▶ _DIRECTIONS_
Look through the listing below and write out exactly the lines from the line with "Als Laura 3" to the line with "Светильник DOPHIN LED-1088", both included, and no others.

▶ _SUPPLIED MATERIAL_

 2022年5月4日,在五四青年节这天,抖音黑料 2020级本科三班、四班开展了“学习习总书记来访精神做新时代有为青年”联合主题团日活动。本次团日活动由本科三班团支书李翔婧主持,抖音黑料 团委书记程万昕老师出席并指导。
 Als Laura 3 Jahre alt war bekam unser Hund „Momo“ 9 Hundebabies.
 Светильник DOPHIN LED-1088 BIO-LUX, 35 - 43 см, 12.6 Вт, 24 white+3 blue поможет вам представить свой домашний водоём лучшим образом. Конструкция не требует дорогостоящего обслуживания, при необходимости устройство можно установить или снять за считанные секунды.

--

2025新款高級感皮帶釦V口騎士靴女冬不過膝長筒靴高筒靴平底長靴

▶ _EXERCISE OUTPUT_
 Als Laura 3 Jahre alt war bekam unser Hund „Momo“ 9 Hundebabies.
 Светильник DOPHIN LED-1088 BIO-LUX, 35 - 43 см, 12.6 Вт, 24 white+3 blue поможет вам представить свой домашний водоём лучшим образом. Конструкция не требует дорогостоящего обслуживания, при необходимости устройство можно установить или снять за считанные секунды.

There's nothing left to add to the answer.